The station was attacking Boston potholes again and their humor announcer, who was as funny as prickly heat, was holding a special summer pothole contest that used up five minutes of air time every night. The whole station was like the Titanic where the band played as the ship went down. A New York firm gave them the snappiest theme song in the country and the station provided the downright stupidest coverage of everything.

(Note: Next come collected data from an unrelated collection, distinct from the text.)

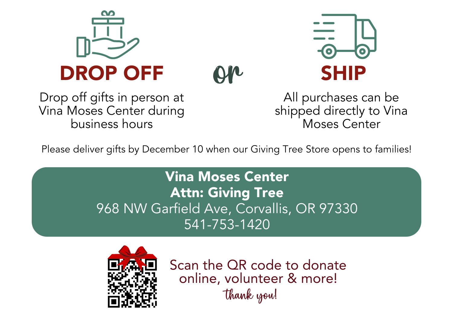 You may drop items off at Vina’s Giving Tree Store (935 NW Kings Blvd - across the street from our previous location and next to Animal Crackers!) Monday through Friday from 10am until 5pm starting December 2. Our program runs from December 10th - 16th.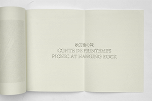 Film Drawings 2017 Edition of 20 + 10 AP 5 pages 9 × 11 in Stitchbound digital print Drawings by Theresa Guntli Interiors from An Autumn Afternoon (Yasujirō Ozu), A Tale of Springtime (Éric Rohmer), Picnic at Hanging Rock (Peter Weir). |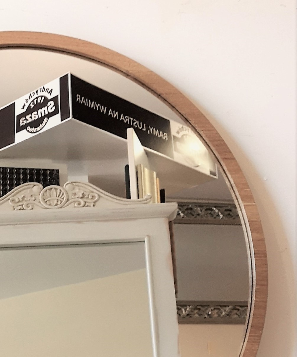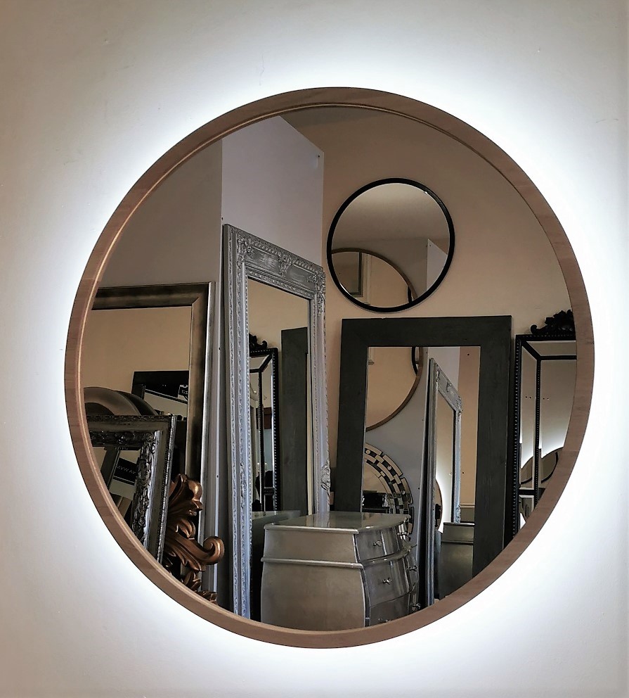 Lustro okrągłe z wąską ramą dębową i podświetleniem led 80x80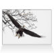 A magnificent bald eagle with wings fully spread as it launches from a tree limb.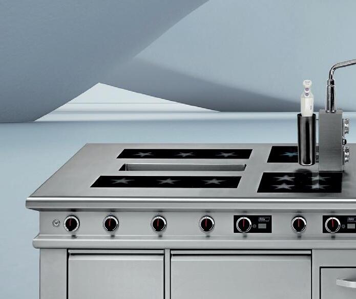 Le revêtement à induction d’épaisseur variable sur le fond de l’assiette, spécialement adapté aux propriétés physiques des bobines d’induction, garantit un réchauffement uniforme des aliments sur l’assiette.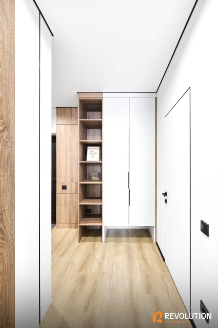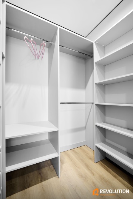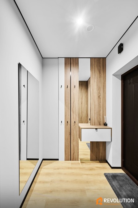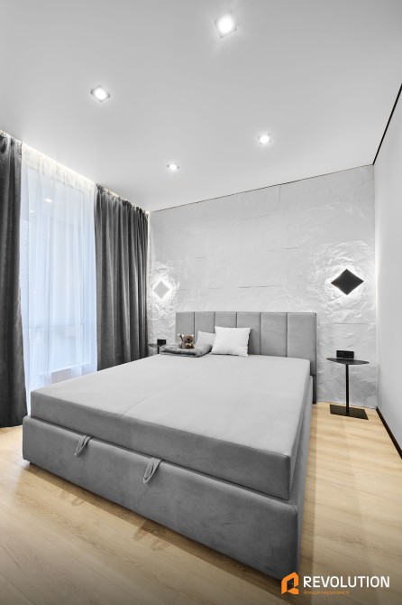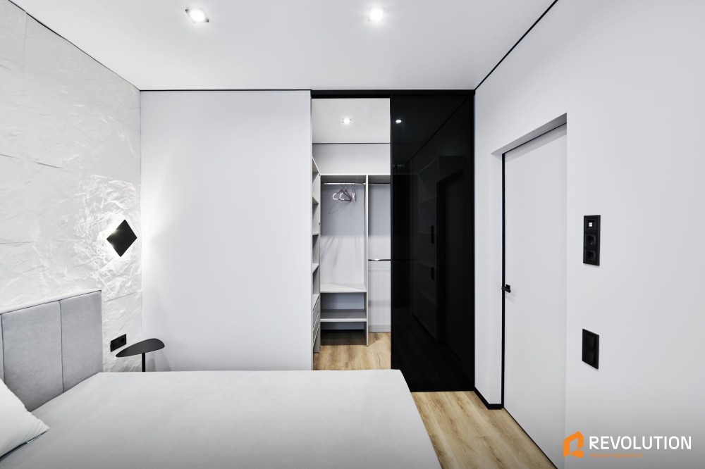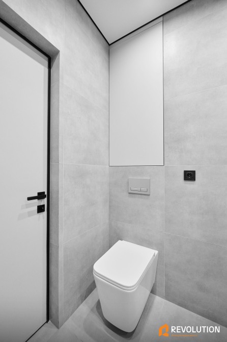 • У квартирі встановлені стильні двері прихованого монтажу, підібрані під кожну кімнату — сучасно, зручно та естетично.

Dr. Sheila Feinberg was upstairs under the lights of a rival television station. The announcer waited for them to finish their interview. He felt suddenly very protective of this woman even though she was a scientist. She looked so out of place, sitting there under his channel's lights, waiting for a question. Like the plain, studious girls in school that you just knew would have to settle for some drip of a husband or never get married at all.

Dr. Feinberg, thirty-eight, had a strong, manly nose and a pinched, desperate sort of face, like an overworked accountant who had suddenly forgotten a key set of books and was about to lose a client over it.

She wore a loose, puffy, white blouse, which hid the absence of womanly roundness on her chest, and she had a skinny waist and wide hips under a dark-blue, flannel skirt. She wore plain black shoes with low heals. A desperate cameo brooch on the blouse proclaimed that she was a woman and had a right to wear such a thing, but it seemed as out of place as her new hairdo. It was a pert short cut, similar to one made famous by an ice skater, but on the ice skater it emphasized a cutesy-poo face. On Dr. Feinberg, it looked like a Christmas tree atop a tank turret-a desperately inappropriate piece of gaiety.

Softly, the announcer asked her to explain the demonstration and what she was doing. He also told her that it might be better if she didn't pick at her fingernails when she talked.